## Problem description
In the records below, find the line containing "أيدت محكمة القضاء", then print it and every following line exactly, through the last, without pictures.

## Given records

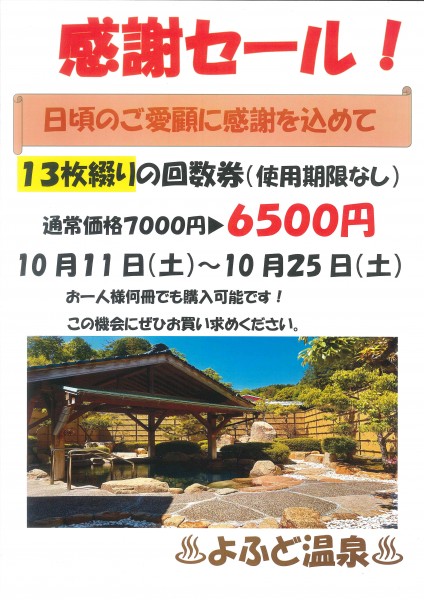 いつもよふど温泉をご愛顧いただきありがとうございます。 感謝の気持ちを込めてお得な回数券の感謝セールを開催します! この機会をどうぞお見逃しなく(^▽^)/
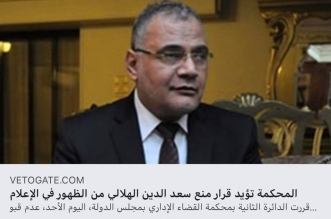 أيدت محكمة القضاء الإداري قرار منع سعد الدين الهلالي أحد أبرز شيوخ الانقلاب والأستاذ بجامعة الأزهر من الظهور في الإعلام إلا بموافقة من رئيس جامعة الأزهر، رغم أنه لم ...
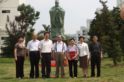 5月26日上午,我校隆重舉行孔子塑像落成儀式??鬃铀芟袷怯始裔t(yī)學(xué)會會員、首批國務(wù)院特殊津貼專家、福建中醫(yī)藥大學(xué)教授、福州市第一醫(yī)院主任醫(yī)師、醫(yī)學(xué)博士潘明繼先生與其夫人施增英女士捐贈我校、由臺灣著名雕塑家陳一凡先生雕塑完成。潘明繼教授及夫人、嚴(yán)肅書記、林春明院長等領(lǐng)導(dǎo)和教職工代表、學(xué)生代表參加了儀式,儀式由院黨委副書記陳雄主持。
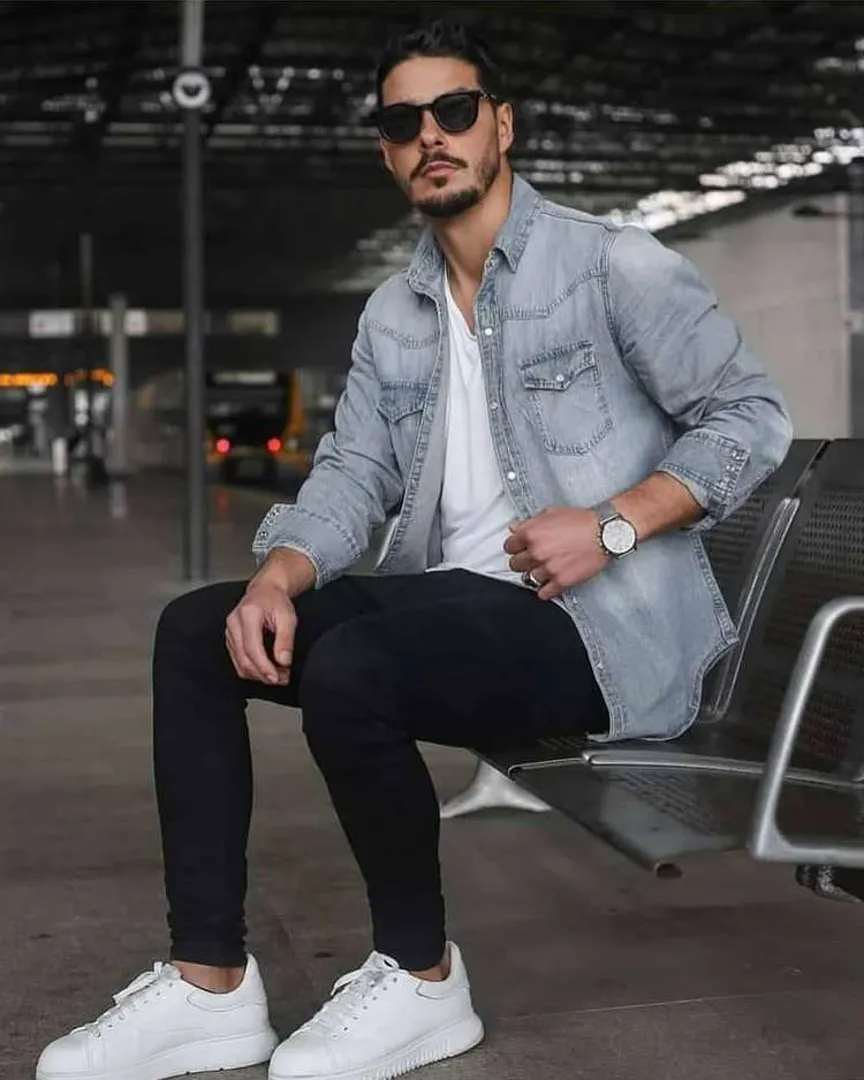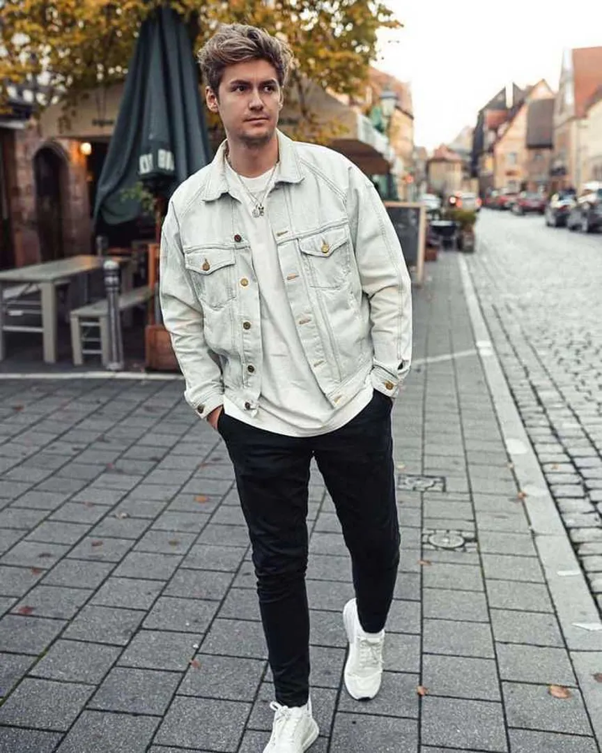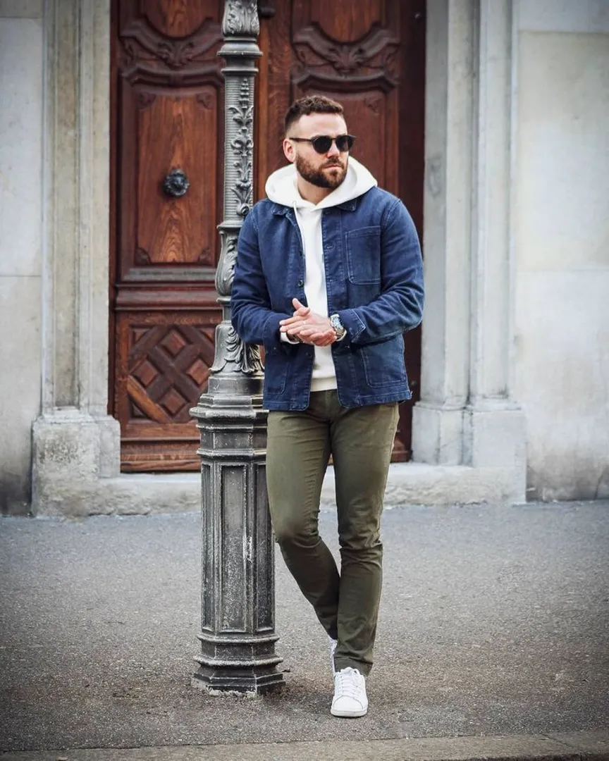 Если вы собираетесь надеть джинсовую куртку с джоггерами, это не обязательно должно выглядеть так, как будто вы только что встали с постели. Экспериментируйте с хлопковыми рубашками и классными кроссовками. Можете еще добавить сюда толстовку с капюшоном.
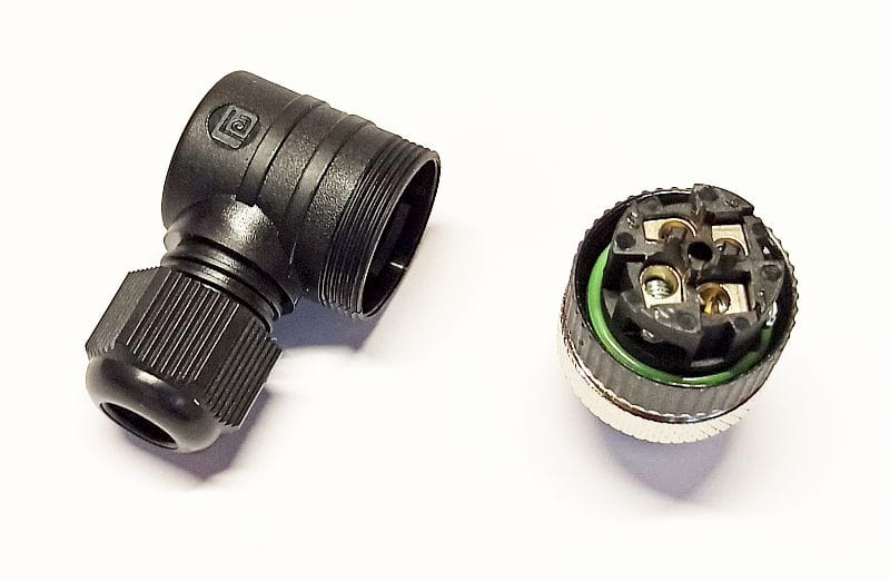 RSCW4/7 złącze przemysłowe męskie, kątowe seria M12 do samodzielnego montażu. Wykorzystywane w automatyce przemysłowej do połączenia czujników zbliżeniowych, elementów wykonawczych z okablowaniem.

## Written solution
 أيدت محكمة القضاء الإداري قرار منع سعد الدين الهلالي أحد أبرز شيوخ الانقلاب والأستاذ بجامعة الأزهر من الظهور في الإعلام إلا بموافقة من رئيس جامعة الأزهر، رغم أنه لم ...
 5月26日上午,我校隆重舉行孔子塑像落成儀式??鬃铀芟袷怯始裔t(yī)學(xué)會會員、首批國務(wù)院特殊津貼專家、福建中醫(yī)藥大學(xué)教授、福州市第一醫(yī)院主任醫(yī)師、醫(yī)學(xué)博士潘明繼先生與其夫人施增英女士捐贈我校、由臺灣著名雕塑家陳一凡先生雕塑完成。潘明繼教授及夫人、嚴(yán)肅書記、林春明院長等領(lǐng)導(dǎo)和教職工代表、學(xué)生代表參加了儀式,儀式由院黨委副書記陳雄主持。
 Если вы собираетесь надеть джинсовую куртку с джоггерами, это не обязательно должно выглядеть так, как будто вы только что встали с постели. Экспериментируйте с хлопковыми рубашками и классными кроссовками. Можете еще добавить сюда толстовку с капюшоном.
 RSCW4/7 złącze przemysłowe męskie, kątowe seria M12 do samodzielnego montażu. Wykorzystywane w automatyce przemysłowej do połączenia czujników zbliżeniowych, elementów wykonawczych z okablowaniem.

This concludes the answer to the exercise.